Unless Congress acts quickly, taking mass transit to work is about to get more expensive for some people.
For the past four years, public transportation users and people who drive their cars to work and pay for parking have been able set aside up to $245 a month in wages tax free if they’re used for commuting costs or workplace parking.
The transit tax break expires at the end of the year. So starting Jan. 1, the benefit for riders will be cut nearly in half — to $130 a month. Drivers, on the other hand, will get a slightly bigger break as their parking benefit rises to $250.
“It doesn’t make sense at all, the fact that you get a bigger tax break for driving your car than riding a train,” says Dan Smith, who lobbies Congress on tax issues for the U.S. Public Interest Research Group. He says many commuters don’t realize that the parity for transit and parking tax breaks vanishes in the new year. But they soon will.
Oregon Rep. Earl Blumenauer, who rides his bike to work, is sounding the alarm.
“We’ve heard lots of talk about fiscal cliffs, a dairy cliff, but at the end of the year, we are facing a transit commuter cliff,” he says.
Blumenauer has rounded up five House Republicans and 44 fellow Democrats to co-sponsor legislation that would keep the parking subsidy, which by law is automatically renewed, equal to the transit subsidy, which requires congressional approval every year:
“You might tilt it the other way and provide greater benefit for people who are having less impact on the planet,” he says. “But the fact is, this is embedded, ingrained and accepted, so we want to at least just have transit parity for the full range of commuter options.”

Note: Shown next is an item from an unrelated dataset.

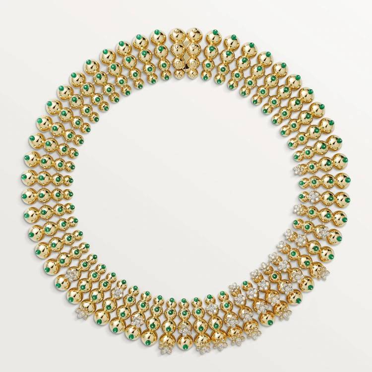 العقد مرصع بالماس الأبيض في شكل أزهار وبأحجار الزمرد الخضراء لتزيد العقد جاذبية وأناقة.

Indeed, eliminating or even reducing the parking subsidy is a bipartisan non-starter in Congress.
“My own view is there are some people — many people — who don’t have the luxury of being able to take transit,” says Sen. Barbara Boxer, chairwoman of the Environment and Public Works Committee.
The California Democrat defends the tax break for people who drive to work:
“I don’t agree that you should put one group against the other,” she says. “I think we should encourage fuel-efficient cars, and if someone really needs their car for work, I don’t have a problem with saying, you know what, there’s enough expense here, we can make sure that this isn’t exorbitant for you.”
That’s unfortunate, says Elyse Lowe. She’s one of Boxer’s constituents as well as the executive director of Move San Diego, a group advocating smart growth in that city. For Lowe, it makes sense to subsidize public transit users, not drivers:
“This is at the heart of getting people to change their travel behaviors through economic incentives,” she says, “and typically people don’t actually look at their own personal behavior until there’s some sort of economic reason to do so.”
Rhode Island Democratic Sen. Sheldon Whitehouse agrees. He’s skeptical, though, that Congress can act in time to keep the transit break on par with the parking subsidy.
“What certainly doesn’t make sense is to favor that over using public transportation. But given the general level of blockade of anything and everything by our Republican friends around here, I can’t promise that we’ll get to that.”
Making parity between transit and parking subsidies — one more casualty of congressional gridlock.